71 - Bubar

44.8K 3.9K 1.5K
                                    

Masih trauma dan ada rasa ketakutan, Askar memilih duduk di mobil Polisi. Mobil ambulan tiba, dua orang petugas ambulan menggotong tandu lari menuju belakang.

Askar menatap orang-orang itu heran, lalu menghela napas kembali membenarkan posisi duduk untuk menenangkan diri.

Tidak berselang lama, dua petugas ambulan itu kembali dengan membawa seseorang di tandu mereka. Askar mengernyitkan kening, dia tidak bisa melihat wajah orang di atas tandu.

Ghava dan yang lain muncul, seketika Askar turun dari mobil menghampiri mereka.

"Kenzy mana?" tanya Askar menghadang Ghava.

Semua orang diam. Mereka menunduk dalam tidak berniat menjawab pertanyaan Askar. Lari kepada Femas, Askar meraih kedua lengan cowok berwajah pucat itu.

"Kenzy mana?" ulang Askar.

Femas mengangkat wajah, matanya menatap ambulan yang sudah berjalan.

"Ayo, antar Kenzy ke Rumah Sakit," ajak Ghava merangkul Askar.

Mereka menyusul Kenzy ke Rumah Sakit. Menyerahkan semua kekacauan pada pihak kepolisian.

Askar masih belum tahu bahwa Kenzy sudah tidak ada. Cowok itu terlihat tenang, sampai tibalah mereka di Rumah Sakit. Bukannya menuju UGD atau IGD, Askar kebingungan diajak masuk ke Ruang Mayat.

"Maksudnya?" sentak Askar berhenti di ambang pintu.

Femas kembali menangis memeluk Askar. "Kenzy udah ketemu sama Ibunya."

Askar tersengguk, melangkah mundur sambil geleng-geleng kepala. Tapi Elian meraih lembut tangan Askar, mengajak cowok itu masuk ke dalam Ruang Mayat.

"Setidaknya temui Kenzy untuk terakhir kali," ajak Elian.

Dengan digandeng Elian, Askar menghampiri brankar di mana terdapat tubuh tertutup selimut sudah terbujur tanpa nyawa di sana.

Askar menarik tangannya yang digandeng Elian. Deru napasnya semakin kencang.

"I gakuaaatt ...," gumam Askar menatap ke bawah.

Di waktu bersamaan seorang lelaki dewasa memakai kemeja hitam masuk Ruang Mayat. Dia Ayah Kenzy.

Femas berdecak, terkekeh miris melihat lelaki itu menangis saat mendekati brankar Kenzy. Perlahan lelaki itu membuka selimut yang menutup wajah sang putra, setelahnya seluruh tubuh langsung lemas.

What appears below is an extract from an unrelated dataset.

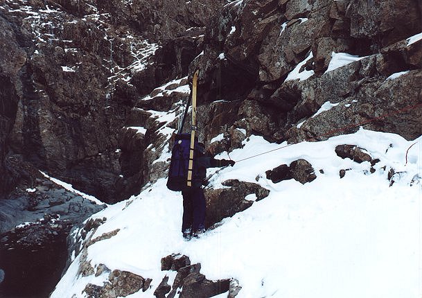 Еще вчера хотели выкинуть веревку и побольше железа. Но два внутренних голоса взяли верх над ленью. И вот в 17-45 ищем обход настоящего прижима в начале каньона реки Аssif Tifni. Слева нет, справа нет, впереди гладкие скалы и порядочной глубины лужа. Сорок минут уходит на безуспешные поиски обходов, смеркается. По совести, каньона этого нет ни в описании, ни на карте километровке. Сюрприз! Но вот по следам неизвестной зверюшки начинаем вешать веревку. Петли за скальные затычки, ледобур в натечный лед, надежный выступ - все идет в дело. Повесили, прошли, сняли. Справились за 25 минут. Дальше вприпрыжку по каньону в надежде успеть из него выйти до темноты. Ан нет, не хватило упорства на последние 15 минут. Заночевали прямо на дне каньона, прислушиваясь к ночным шорохам. В два часа ночи что-то все же упало, но поодаль и не всерьез. А наутро оставили кошки, последний ледоруб, газовый баллон, килограмм еды и в Аzib Likemt по холодку.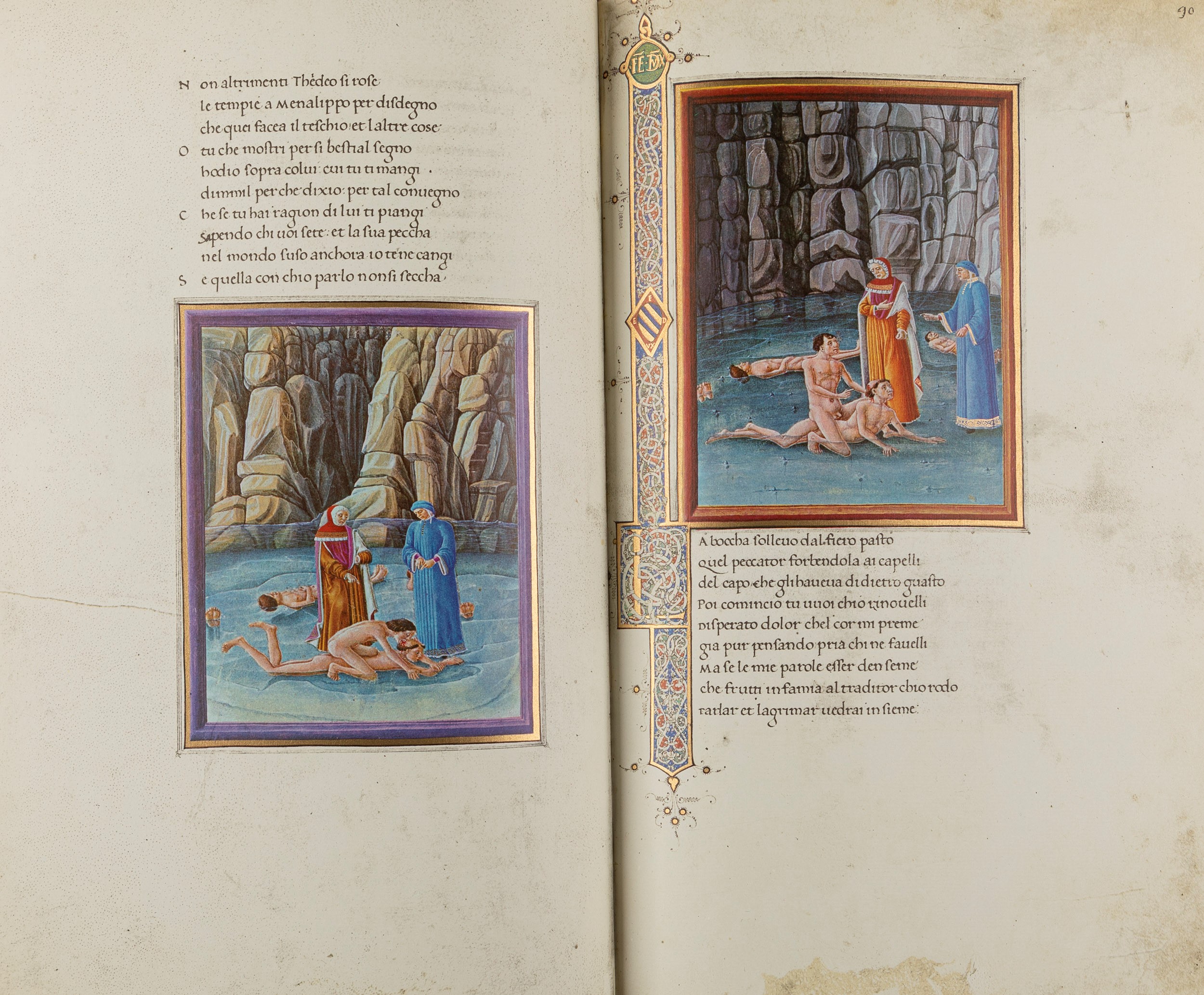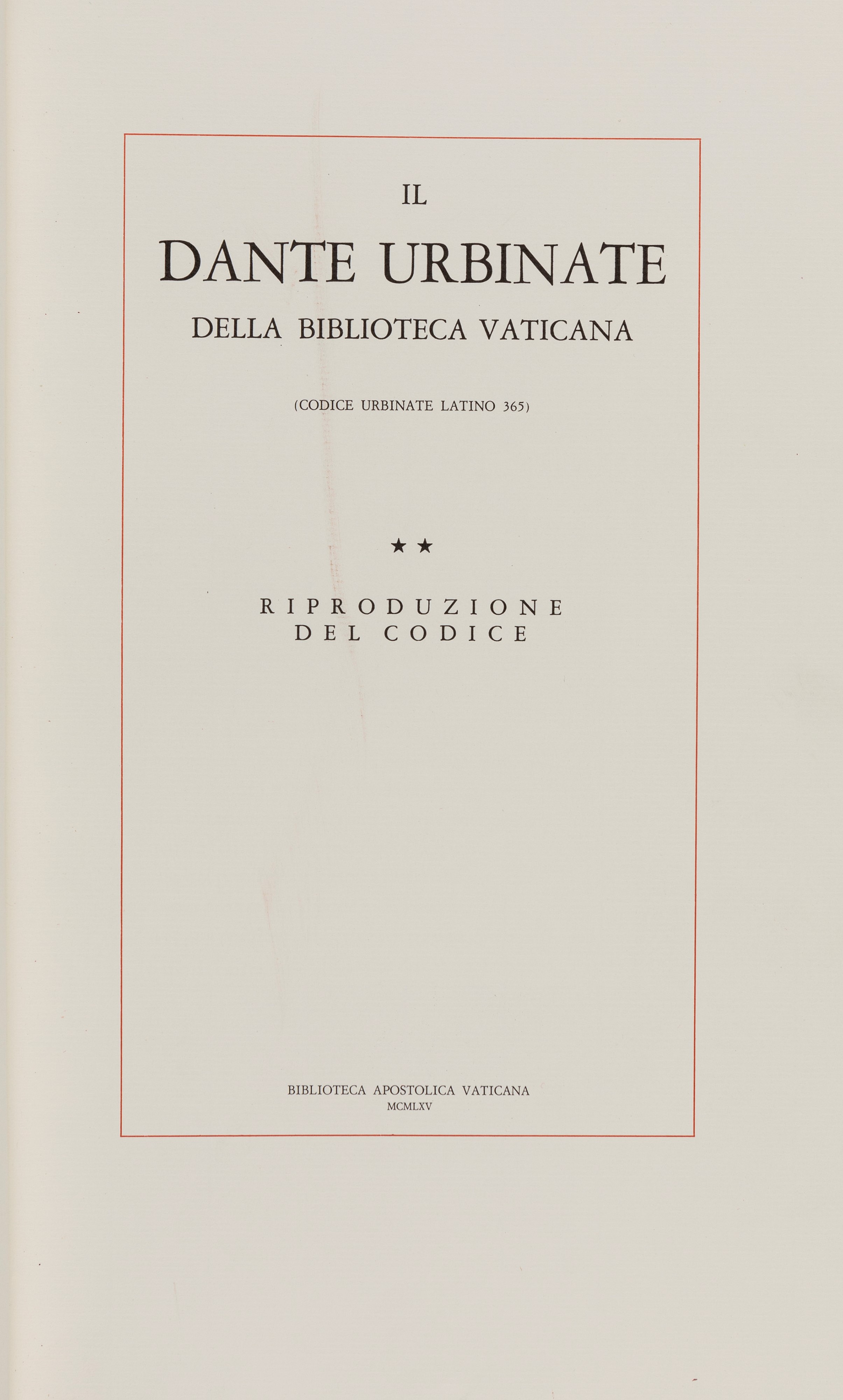 1965 Milano, Fratelli Fabbri, 1965. 385 x 240 mm. Legatura in pelle rossa con cornici in oro ai piatti, spellature, il commentario in mezza pelle e tela a cura di Michelini Tocci, Salmi e Giorgio Petrocchi. Cofanetto editoriale, esemplare n.55/750.

"Ngapain nangis? Kayak selama ini perduli aja sama Kenzy. Meski Kenzy gak pulang berbulan-bulan, mana anda perduli?" cecar Femas.

Fikram menyentuh pundak Femas agar cowok itu tidak mengeluarkan kata-kata lagi. Femas membalas tatapan Fikram tidak perduli.

"Asal anda tau, bahkan sampai akhir hayatnya anda tetap menjadi orang yang paling dibenci Kenzy!"

"Femas, udah," tukas Ghava.

Mendengar itu rasa sesal semakin menyelimuti, tangis Ayah Kenzy tidak terbendung lagi. Lelaki itu memeluk erat tubuh kaku sang anak.

"Maafin Papa, Kenzy. Sebagai seorang Ayah, Papa terlalu egois. Harusnya Papa mencari kamu, tapi Papa lebih memilih menunggu kamu pulang dan meminta maaf pada Papa. Tapi sekarang Papa sadar, yang salah Papa, harusnya yang meminta maaf adalah Papa," ucap lelaki itu penuh sesal.

Ayah Kenzy menghadap Ghava, mengamati semua orang yang ada di Ruang Mayat.

"Terima kasih sudah memperlakukan Kenzy dengan baik. Saya sadar, saya bukan Ayah yang baik. Saya tidak bisa menjaga anak saya."

"Sebenarnya penyesalan ini udah telat. Tapi apa boleh buat, semua terlanjur terjadi. Saya harap kehidupan malang Kenzy tidak dialami oleh anak Om yang lain," jawab Ghava sopan.